Well, it's not over - she's still pregnant, but now she's saying that she's decided not to continue this pregnancy.

I was so relieved to hear her say this -- so very, very relieved. I'd spent the whole week obsessively worrying about her, feeling alternately like a heel and like a martyr. I kept feeling angry, thinking she was really foolish to consider keeping this baby. Then I would feel angry at myself, for not supporting her 'decision' to keep the baby. Then I would feel angry at her again, and then I'd feel left out of the conversation and worried that I had alienated her. That I was not being the pillar of support she needed right now. Then I would feel angry for being needed as a support!

Oh, so much stress and conflicting emotions! I know this issue is close to my own heart. I have been pregnant four times. I only have two children. Do the math. I've lost babies before, one way and another.

Either way, I don't think it was a huge loss to me personally. I know that the potential for human life was there those two other pregnancies, but it never got that to that point. Does it matter if it was intentional or not? I thought I was over these feelings, but I think all my own defenses and complications came bubbling to the front.

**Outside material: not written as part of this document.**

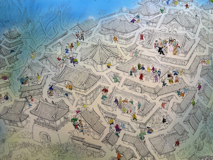 作業は昨日とほぼ同じ、あちこちに散らばった人の色塗りです。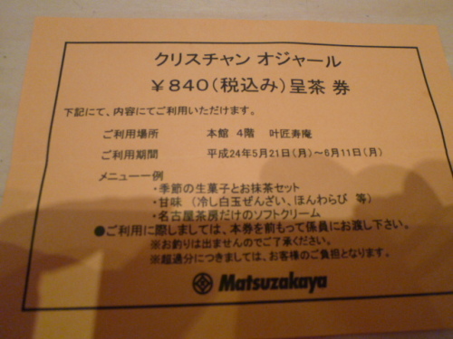 お母さんからこんなチケットをもらったので行ってきました。前は松坂屋にあるカフェならどこでも使えるようなチケットだったのですが今回からは叶匠寿庵限定になったんだそうです 840円分のものを食べることができます。 昼時に行ったらガラガラでした。 めったに食べないかき氷を注文しました。あんこと抹茶がすっごくおいしそうだったんです本来は白玉がついているのですが私、あんまり好きじゃないのでなしにしてもらいました。 表面は抹茶と練乳がたっぷりですっごくおいしいですが、1、2分で南極にいるかのような寒さに襲われました氷をすべて食べるのはなかなか苦しいので蜜が濃いところはいただいて、そうでもないところはのこしてしまいました。 一口サイズの『あも』もついています 大好きです。 おいしい氷でした。

A part of me keeps saying (only to myself, and not to her!), Well... okay, yes, those are all good reason why not have a baby.... but really, well... why not? Have one here. This is a good home. This is a nice family. How could this be bad?

Bat shit crazy is how I feel, honestly. But mainly I'm relieved to know that her rational mind took over and weighed all the options, and she has decided to do what is best for her. She took a week, thought it over, and made up her mind.

I just hope she a) follows up on taking care of this and b) doesn't change her mind either now or after it's too late.